Why bricks? Nothing is incidental in G-d’s world, particularly in the history of His people. If we were forged as a nation at the brick kilns of Egypt, then the brick is significant to our mission in life.

“And the brick served them as stone”

Man is a builder. Some build physical structures: homes, cities, roads, hi- or low-tech machines, and a host of other useful (or useless) objects. Others engage in more metaphysical construction, structuring words, hues or sounds so that they house ideas or feelings. But all build a life, forging materials from their environment, their society and their own psyche into an edifice that serves a certain function and aim. Man being endowed by his Creator with free choice, he might make this a material or spiritual aim, a selfish or altruistic one, a positive or negative one; or he can make it the ultimate aim of “building a dwelling for G-d”[15] by devoting his life to the fulfillment of G-d’s will as revealed in the Torah.

The materials we use fall under two general categories: G-d-given and man-made. Much of what we build our lives with was already here when we arrived on the scene, ready for use, or with its potential implicit in it, awaiting discovery and realization. But G-d empowered us to do more than simply develop His world. Desiring that we be His “partners in creation,”[16]He imparted to us the ability to create potential where no such potential exists.

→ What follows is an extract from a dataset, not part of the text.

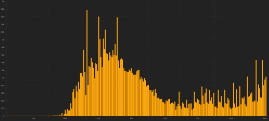 The downtrend has continued since July 16, but more slowly. New York State: Cases since the start of the epidemic: 447,262 cases (+896 in 24 hours), the day before (+652) Healings: 75,962 people (+59 in 24 hours), the day before (+56) Death: 33,070 deaths (+28 in 24 hours) the day before (+4) Death rate: 7.39% (-) Active cases (less deaths and cures): 338,230 cases (+809 in 24 hours), the day before (+592) Tests: 9,621,920 people tested (+91,504 in 24 hours), the day before (+75,087) State of Massachusetts: Cases since the start of the epidemic: 126,128 cases (+429 in 24 hours), the day before (+306) Heals: 109,397 people healed (updated every 5 days) Death: 9,260 deaths (+15 in 24 hours), previous (+20) Death rate: 7.34% (-) Active cases (less deaths and recoveries): 7,471 cases (-486 in 24 hours), the day before (-710) Tests: 3,199,563 people tested (+67,849 in 24h), previous (+55,902) Florida: Cases since the start of the epidemic (March 1, 2020): 674,456 cases (+3,255 cases in 24 hours), the day before (+2,355) Death: 13,086 deaths (+147 in 24 hours), the day before (+152) Death rate: 1.94% (+) Tests: 5,010,973 (+26,950 in 24 hours), the day before (+15,176) Miami Dade (FL): Cases since the start of the epidemic: 165,595 cases (+448 in 24 hours), the day before (+459) Death: 2,977 deaths (+22 in 24 hours), the day before (+32) Death rate: 1.8% (+) QUEBEC: Epidemiological situation: Cases confirmed since the first case (February 27, 2020): 66,356 cases (+499 in 24 hours), the day before (+303) Healing: 58,012 people (+208 in 24 hours), the day before (+176) Death: 5,791 (+3 in 24 hours), the day before (+3) Active cases: (excluding death and recovery) 2,553 cases (+288 in 24 hours), the day before (+124) Hospitals: 136 people hospitalized (+6 in 24 hours) the day before (-3) Intensive care: 29 people (+3 in 24 hours), the day before (+3) In Montreal, epicenter of the pandemic in Quebec where the largest Haitian community is located (nearly 150,000 members): 30,963 cases have been confirmed since the start of the epidemic (+295), previous (+97). TOP 5 of the most contaminated Montreal boroughs: 1 - Montreal North: 2,727 cases (+11 in 24 hours), the day before (+4) 2 - Mercier – Hochelaga-Maisonneuve: 2,564 cases (+18 in 34 hours), the day before (+7) 3 - Ahuntsic-Cartierville: 2,566 (+21 in 24), the day before (+5) 4 - Côte-des-Neiges – Notre-Dame-de-Grâce: 2,455 cases (+27 in 24 hours), the day before (+5) 5 - Rivière-des-Prairies – Pointe-aux-Trembles: 2,318 cases (+15 in 24 hours), the day before (+13) TOP 5 of the most contaminated regions of Quebec: 1 - Montreal: 30,668 cases (+97 in 24 hours), the day before (+39) 2 - Montérégie: 9,799 cases (+35 in 24 hours), the day before: (+15) 3 - Laval: 6,585 (+24 in 24h), the day before: (+18) 4 - Lanaudière: 5,010 (+6 in 24h), the day before: (+6) 5 - Laurentians: 4,420 cases (+18 in 24 hours), the day before: (+13) Province of Quebec Healing Rate: 87.43% (-) Death rate: 8.73% (-) DOMINICAN REPUBLIC: Epidemiological situation: Cases confirmed since March 1: : 106,136 cases (+615 in 24 hours), the day before (+718). First case (March 1, 2020) https://www.haitilibre.com/en/news-30165-haiti-flash-first-case-of-covid-19-in-the-dominican-republic.html Heals: 79,363 healings (+472 in 24h), the day before (+504) Deaths: 2,022 deaths since March 1 (+13 in 24 hours), the day before +11) active cases: (excluding death and recovery) 24,751 cases (+130 in 24 hours), the day before (+203) Hospital occupancy rate: Covid-19 beds: 26% (=) Intensive care beds: 40% (=) Beds with assisted ventilation: 28% (=) Top 5 of the most infected provinces (active case, less healings and deaths): 1 - National district: 5,107 cases (-13 in 24 hours), the day before (-19) 2 - Santiago: 2,733 (+24 in 48 hours), the day before (-43) 3 - Santo Domingo: 2,836 cases (+20 in 24 hours), the day before (+8) 4 - La Vega: 942 (-11 in 24 hours), the day before (unchanged) 5 - La Altagracia: 679 (+20 in 24 hours), the day before (-8) Tests (since the 1st case): 433,848 tests (+4.425 in 24 hours), the day before (+3.921) National Healing Rate: 74.77% (+) Death rate: 1.91% (+) FRANCE: Epidemiological situation: Confirmed cases since the first case: 449,240 (+10,593 in 24h), previous (+9,784) France: Number of daily confirmed cases

Therein lies the deeper significance of the bricks we molded and fired as we matured as a people. In the eleventh chapter of Genesis, the Torah describes the invention of the brick:

Originally, the survivors of the Flood inhabited mountainous regions, and quarried stone as a building material; but then they settled in the valley of Shinar (later Babylon), where they desired to build “a city and a tower whose head reached to the heavens.” Where would they find a material strong enough for such a massive structure? Someone had an idea: “They said one to the other ‘Let us mold bricks, and bake them with fire.’ And the brick served them as stone, and clay served them as mortar.”[17]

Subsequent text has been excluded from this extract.